_Records contained in a dataset_.
━━━━━━━━━━━━━━━━━━━━━━━━━━━━━━
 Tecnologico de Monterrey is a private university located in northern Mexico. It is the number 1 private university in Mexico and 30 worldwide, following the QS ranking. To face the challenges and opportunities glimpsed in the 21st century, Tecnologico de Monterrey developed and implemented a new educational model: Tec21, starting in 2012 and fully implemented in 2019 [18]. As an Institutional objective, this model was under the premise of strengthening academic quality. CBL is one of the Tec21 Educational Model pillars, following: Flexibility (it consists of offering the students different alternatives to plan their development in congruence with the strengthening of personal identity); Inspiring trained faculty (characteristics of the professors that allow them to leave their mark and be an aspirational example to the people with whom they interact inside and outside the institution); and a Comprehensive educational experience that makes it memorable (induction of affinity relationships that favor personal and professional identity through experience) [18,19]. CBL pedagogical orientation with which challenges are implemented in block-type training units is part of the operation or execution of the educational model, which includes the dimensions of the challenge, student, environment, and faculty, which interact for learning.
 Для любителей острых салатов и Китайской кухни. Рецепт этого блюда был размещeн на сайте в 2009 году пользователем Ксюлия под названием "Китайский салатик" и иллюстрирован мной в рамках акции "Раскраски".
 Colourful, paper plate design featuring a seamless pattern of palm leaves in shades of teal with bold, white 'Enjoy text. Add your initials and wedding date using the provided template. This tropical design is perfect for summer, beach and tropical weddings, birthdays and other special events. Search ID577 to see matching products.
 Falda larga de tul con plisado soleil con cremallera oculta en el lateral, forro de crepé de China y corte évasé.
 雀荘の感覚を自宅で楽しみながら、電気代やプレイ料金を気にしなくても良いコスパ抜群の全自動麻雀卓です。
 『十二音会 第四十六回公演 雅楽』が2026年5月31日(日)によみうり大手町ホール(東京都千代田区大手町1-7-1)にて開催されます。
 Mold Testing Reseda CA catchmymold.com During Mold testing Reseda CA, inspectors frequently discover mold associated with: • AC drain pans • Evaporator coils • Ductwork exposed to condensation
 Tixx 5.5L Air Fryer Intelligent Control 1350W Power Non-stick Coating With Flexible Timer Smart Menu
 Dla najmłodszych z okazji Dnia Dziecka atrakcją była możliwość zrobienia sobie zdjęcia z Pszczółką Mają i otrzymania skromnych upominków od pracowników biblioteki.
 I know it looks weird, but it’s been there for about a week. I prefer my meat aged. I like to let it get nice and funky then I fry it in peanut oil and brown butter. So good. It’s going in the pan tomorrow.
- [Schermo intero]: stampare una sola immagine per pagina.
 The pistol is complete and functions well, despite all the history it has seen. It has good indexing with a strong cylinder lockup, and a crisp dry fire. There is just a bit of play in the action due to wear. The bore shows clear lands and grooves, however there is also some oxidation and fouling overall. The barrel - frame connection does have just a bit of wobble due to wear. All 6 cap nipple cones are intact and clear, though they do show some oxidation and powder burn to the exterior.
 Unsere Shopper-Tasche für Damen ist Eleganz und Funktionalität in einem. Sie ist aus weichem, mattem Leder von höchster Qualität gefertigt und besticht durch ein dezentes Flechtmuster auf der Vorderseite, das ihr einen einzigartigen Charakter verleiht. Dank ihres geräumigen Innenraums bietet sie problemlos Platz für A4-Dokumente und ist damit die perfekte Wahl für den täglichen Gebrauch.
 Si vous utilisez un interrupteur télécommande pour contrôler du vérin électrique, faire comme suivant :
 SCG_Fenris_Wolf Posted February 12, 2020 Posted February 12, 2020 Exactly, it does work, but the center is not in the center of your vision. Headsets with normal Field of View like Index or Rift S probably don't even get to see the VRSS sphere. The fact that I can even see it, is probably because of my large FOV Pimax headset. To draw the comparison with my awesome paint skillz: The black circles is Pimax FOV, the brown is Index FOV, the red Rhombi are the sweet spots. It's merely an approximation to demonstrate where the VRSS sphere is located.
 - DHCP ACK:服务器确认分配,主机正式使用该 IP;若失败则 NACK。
━━━━━━━━━━━━━━━━━━━━━━━━━━━━━━
_Prompt_.
Retyping every line above exactly is all that is needed.

_Result of the exercise_.
 Tecnologico de Monterrey is a private university located in northern Mexico. It is the number 1 private university in Mexico and 30 worldwide, following the QS ranking. To face the challenges and opportunities glimpsed in the 21st century, Tecnologico de Monterrey developed and implemented a new educational model: Tec21, starting in 2012 and fully implemented in 2019 [18]. As an Institutional objective, this model was under the premise of strengthening academic quality. CBL is one of the Tec21 Educational Model pillars, following: Flexibility (it consists of offering the students different alternatives to plan their development in congruence with the strengthening of personal identity); Inspiring trained faculty (characteristics of the professors that allow them to leave their mark and be an aspirational example to the people with whom they interact inside and outside the institution); and a Comprehensive educational experience that makes it memorable (induction of affinity relationships that favor personal and professional identity through experience) [18,19]. CBL pedagogical orientation with which challenges are implemented in block-type training units is part of the operation or execution of the educational model, which includes the dimensions of the challenge, student, environment, and faculty, which interact for learning.
 Для любителей острых салатов и Китайской кухни. Рецепт этого блюда был размещeн на сайте в 2009 году пользователем Ксюлия под названием "Китайский салатик" и иллюстрирован мной в рамках акции "Раскраски".
 Colourful, paper plate design featuring a seamless pattern of palm leaves in shades of teal with bold, white 'Enjoy text. Add your initials and wedding date using the provided template. This tropical design is perfect for summer, beach and tropical weddings, birthdays and other special events. Search ID577 to see matching products.
 Falda larga de tul con plisado soleil con cremallera oculta en el lateral, forro de crepé de China y corte évasé.
 雀荘の感覚を自宅で楽しみながら、電気代やプレイ料金を気にしなくても良いコスパ抜群の全自動麻雀卓です。
 『十二音会 第四十六回公演 雅楽』が2026年5月31日(日)によみうり大手町ホール(東京都千代田区大手町1-7-1)にて開催されます。
 Mold Testing Reseda CA catchmymold.com During Mold testing Reseda CA, inspectors frequently discover mold associated with: • AC drain pans • Evaporator coils • Ductwork exposed to condensation
 Tixx 5.5L Air Fryer Intelligent Control 1350W Power Non-stick Coating With Flexible Timer Smart Menu
 Dla najmłodszych z okazji Dnia Dziecka atrakcją była możliwość zrobienia sobie zdjęcia z Pszczółką Mają i otrzymania skromnych upominków od pracowników biblioteki.
 I know it looks weird, but it’s been there for about a week. I prefer my meat aged. I like to let it get nice and funky then I fry it in peanut oil and brown butter. So good. It’s going in the pan tomorrow.
- [Schermo intero]: stampare una sola immagine per pagina.
 The pistol is complete and functions well, despite all the history it has seen. It has good indexing with a strong cylinder lockup, and a crisp dry fire. There is just a bit of play in the action due to wear. The bore shows clear lands and grooves, however there is also some oxidation and fouling overall. The barrel - frame connection does have just a bit of wobble due to wear. All 6 cap nipple cones are intact and clear, though they do show some oxidation and powder burn to the exterior.
 Unsere Shopper-Tasche für Damen ist Eleganz und Funktionalität in einem. Sie ist aus weichem, mattem Leder von höchster Qualität gefertigt und besticht durch ein dezentes Flechtmuster auf der Vorderseite, das ihr einen einzigartigen Charakter verleiht. Dank ihres geräumigen Innenraums bietet sie problemlos Platz für A4-Dokumente und ist damit die perfekte Wahl für den täglichen Gebrauch.
 Si vous utilisez un interrupteur télécommande pour contrôler du vérin électrique, faire comme suivant :
 SCG_Fenris_Wolf Posted February 12, 2020 Posted February 12, 2020 Exactly, it does work, but the center is not in the center of your vision. Headsets with normal Field of View like Index or Rift S probably don't even get to see the VRSS sphere. The fact that I can even see it, is probably because of my large FOV Pimax headset. To draw the comparison with my awesome paint skillz: The black circles is Pimax FOV, the brown is Index FOV, the red Rhombi are the sweet spots. It's merely an approximation to demonstrate where the VRSS sphere is located.
 - DHCP ACK:服务器确认分配,主机正式使用该 IP;若失败则 NACK。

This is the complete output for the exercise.